How can agents reach partial agreements reliably?
Disagree and Commit: Degrees of Argumentation-based Agreements
January 7, 2025
https://arxiv.org/pdf/2501.01992This paper introduces the concept of "Disagree and Commit" within multi-agent AI systems using formal argumentation. It proposes a framework for measuring degrees of agreement among agents with differing preferences or using different reasoning methods (argumentation semantics), even when complete consensus isn't achievable. It explores how these degrees of agreement change as new information is introduced, particularly in the context of value-based argumentation where agents' subjective values influence their reasoning.
Key points for LLM-based multi-agent systems:
- Partial Agreements: The framework acknowledges that LLMs, like humans, might not always achieve full consensus, and offers a way to quantify and work with partial agreements.
- Value Alignment: The emphasis on value-based argumentation is crucial for LLM agents, as aligning their values with human stakeholders is paramount.
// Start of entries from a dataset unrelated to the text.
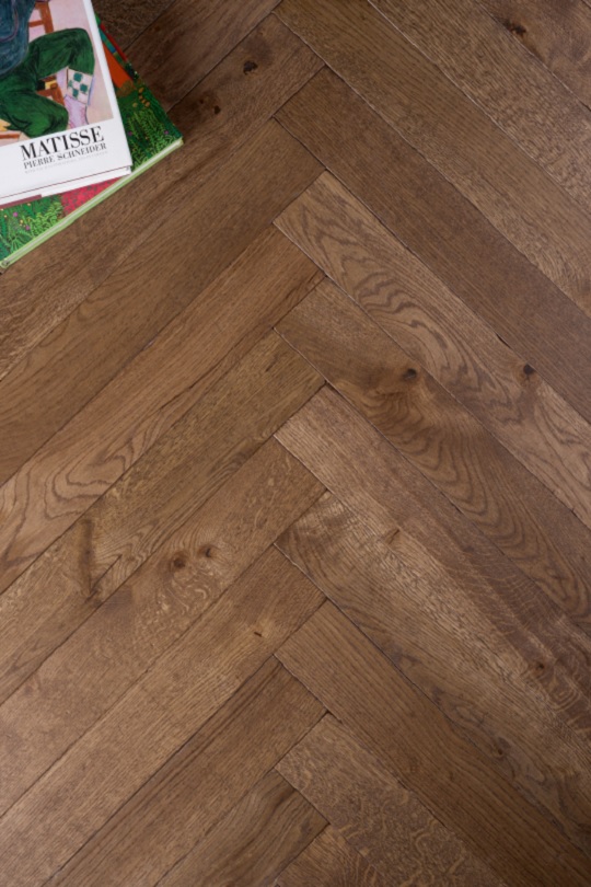This engineered oak herringbone wood flooring has individually distressed & tumbled edges and fits together via tongue & groove. More installation information can be found under the specification tab.
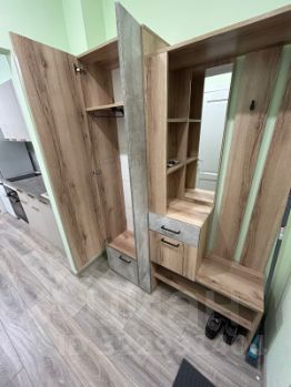 Есть рабочий стол. В прихожей большой вместительный шкаф с отличным наполнением( штанга для верхней одежды, обувница, полочки и ящики).
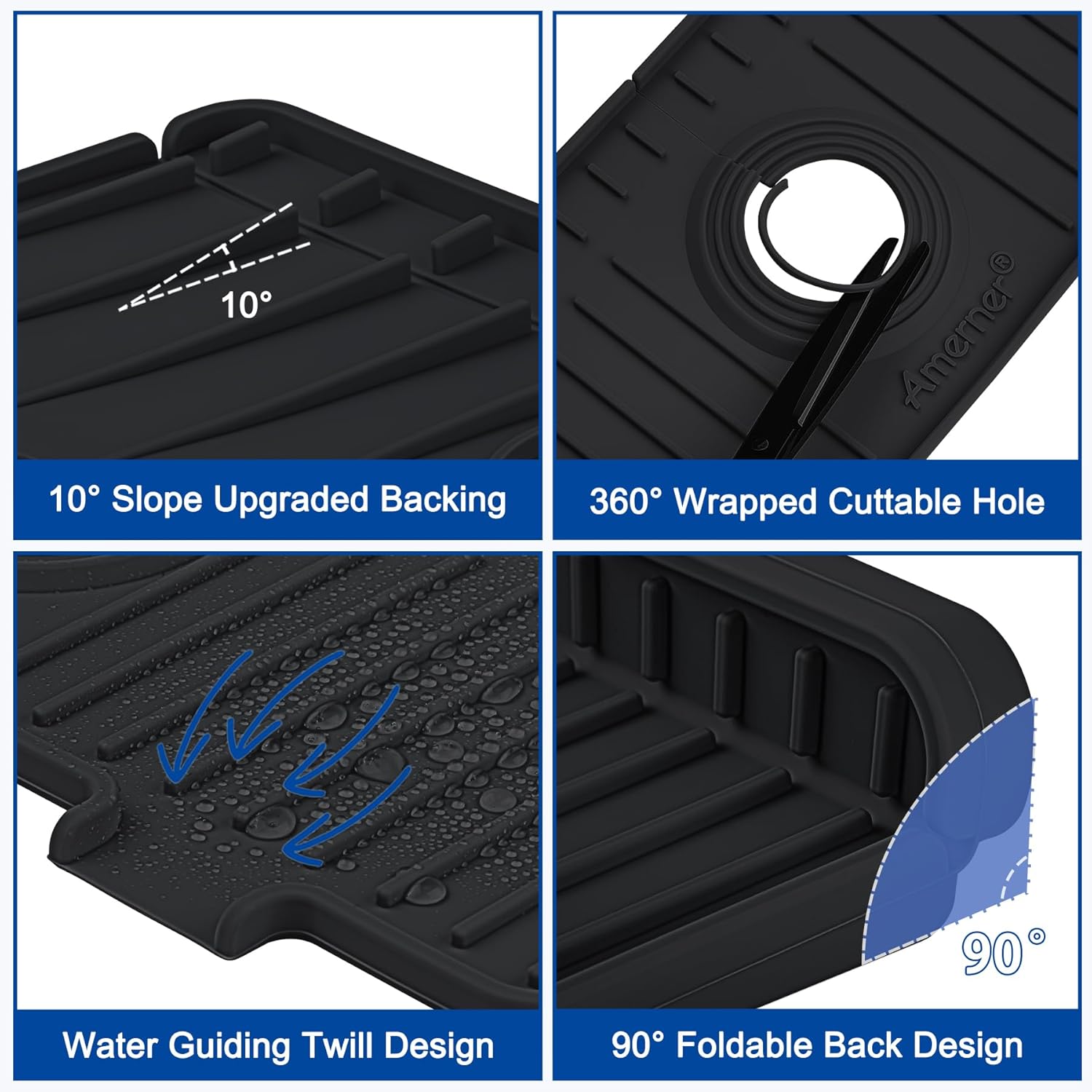 Kitchen Sink Splash Guard, 20 inch Silicone Faucet Guard & Draining Mat, 10° Large Slope Sink Faucet Mat Splash Guard, Bathroom Sink Organizer, Kitchen Sink Accessories Gadgets, 20 x 5.5”, Black

This research provides tools to model and measure this alignment.
- Dynamic Knowledge: The research investigates how agreements change with new information, a key aspect of LLM-based systems that constantly learn and update their knowledge. The framework offers ways to assess the reliability and stability of agreements in these dynamic settings.
- Simulating Disagreements: The paper provides a software implementation that can be used to simulate disagreements between LLM agents, facilitating the study of value alignment, negotiation strategies, and the impact of new information on established agreements.